Tuesday, December 13, 2011

Newton’s Handwritten Notes on Laws of Motion Published Online for First Time

Sir Godfrey Kneller

Cambridge University put 4,000 pages of Newton's most important scientific works on the internet for the public to access for free.

Original handwritten manuscripts by Sir Isaac Newton -- including the great scientist's famous laws of motion -- were published online Monday for the first time.

Cambridge University put 4,000 pages of Newton's most important scientific works, including an annotated copy of Philosophiae Naturalis Principia Mathematica, on the internet for the public to access for free.

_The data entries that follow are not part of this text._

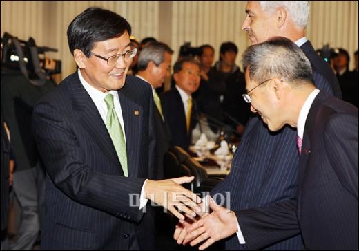 전광우 금융위원회 위원장이 25일 정오 서울 명동 은행회관에서 열린 은행장 상견례에 참석하기 위해 유지창 은행연합회장과 함께 중회의실로 들어서고 있다. 이날 전 위원장과의 상견례 자리에는 유지창 은행연합회장 외 총 20명의 은행장과 금융기관 대표들이 참석했다. 독자들의 PICK! '데드풀' 번역가 3차례 성범죄…"배에 올라타 얼굴 가격" '엄마 외도' 목격한 12살 딸 충격...폭행당해도 "이혼하지 마" 빌어 홍서범 전 며느리 "아들 외도, 대중에 사과? 저에게 하시라" 분노 30세 연하 남편과 나란히..."6번째 결혼" 55세 여성 누구길래
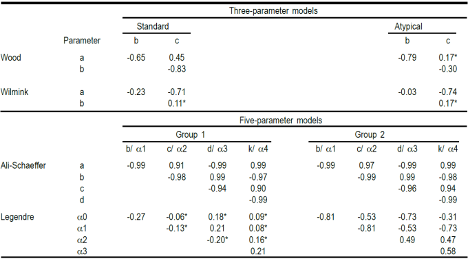 Of the correlations calculated between estimated parameters for the first two groups classified as typical and atypical curves with the Wood and Wilmink models, most were significant (P <0.05). Of the correlations for the first two groups classified using the Ali-Schaeffer and Legendre polynomials models, significant (P<0.05) correlations were found in all but group 2 of the Legendre curves (Table 5).
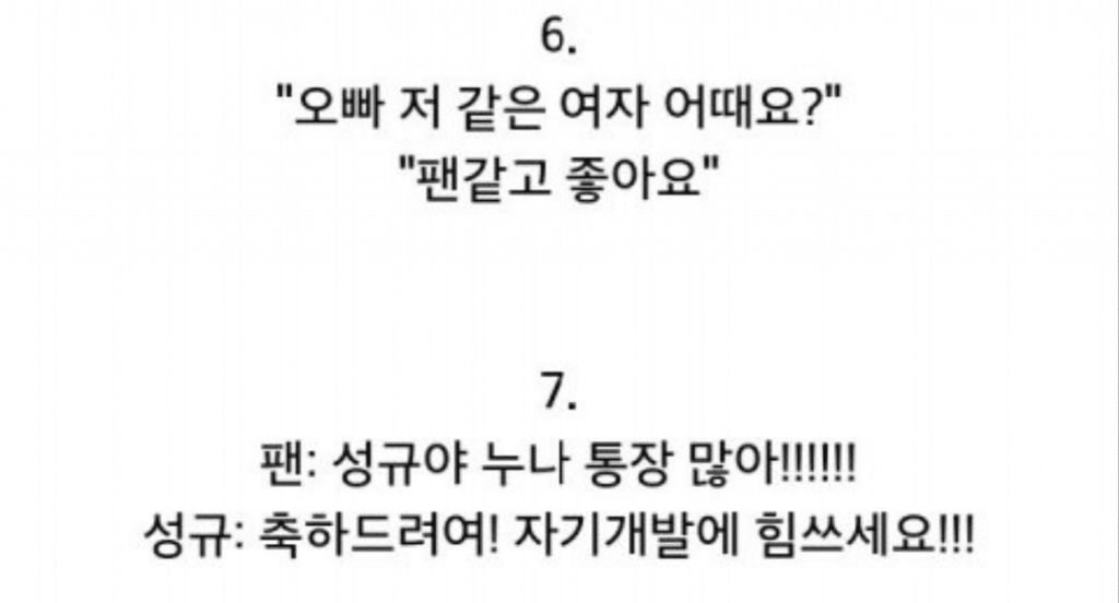 Birisi INFINITE imza gününe gitti ve Sunggyu’ya, “Oppa, gelecekte eşin olacağım, o yüzden bana güzelce bak.” dedi ve Sunggyu, “Gelecek hakkında tek başına karar veremezsin^^” dedi.
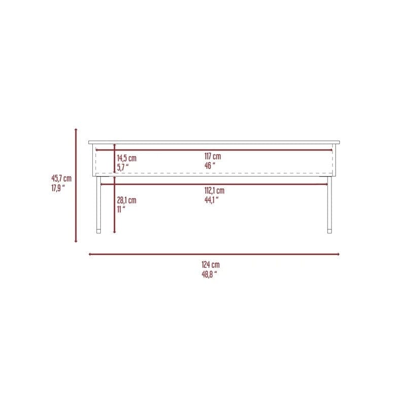 Make a statement with the 49" black manufactured wood rectangular lift top coffee table and infuse a dash of character and personality into your space. Made of manufactured wood, the black coloration throughout gives this piece an updated and refreshing look. This rectangular table is an classic yet updated way to accent your room. It has a fresh design that will definitely breathe some fresh air into your interior. This coffee table is the sturdy, reliable and stylish answer to your living room needs. 17.9" H x 48.8" W x 30.4" D
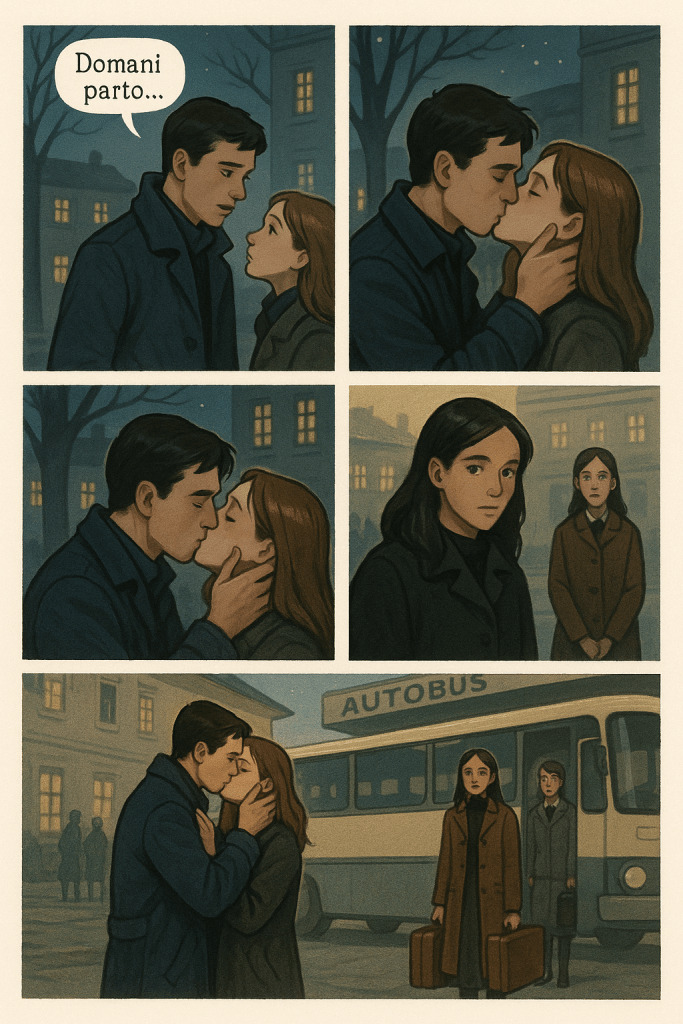 Ci baciammo — sulle guance, sulle labbra — senza fretta, senza parole.

Grant Young, Digitization Manager at the Library, said, "Anyone, wherever they are, can see at the click of a mouse how Newton worked and how he went about developing his theories and experiments. Newton's copy of his Principia shows how methodically he worked through his text; marking alterations, crossing out and annotating his work in preparation for the second edition."

The online collection also includes Newton's "Waste Book" -- a large notebook the scientist inherited from his stepfather that he used to make notes and calculations when he was forced to leave his studies in Cambridge during the Great Plague.

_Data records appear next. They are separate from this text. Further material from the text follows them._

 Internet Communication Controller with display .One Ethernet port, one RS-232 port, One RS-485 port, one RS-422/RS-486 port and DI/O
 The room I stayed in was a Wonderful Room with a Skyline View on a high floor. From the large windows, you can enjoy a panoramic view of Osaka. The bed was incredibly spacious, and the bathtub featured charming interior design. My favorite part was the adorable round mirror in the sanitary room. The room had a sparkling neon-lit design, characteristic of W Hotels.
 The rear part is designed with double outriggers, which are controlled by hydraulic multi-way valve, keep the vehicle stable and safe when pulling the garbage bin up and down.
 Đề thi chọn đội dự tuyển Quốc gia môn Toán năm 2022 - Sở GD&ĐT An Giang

It was in Principia Mathematica, first published in July 1687, that Newton expressed his theories on the laws of motion and universal gravitation. It is seen as one of the most significant scientific breakthroughs ever made.

The university plans to upload thousands more pages of Newton's work in the coming months, and will later add the archive of the celebrated Board of Longitude and the papers of Charles Darwin.

The manuscripts are available at the Cambridge Digital Library.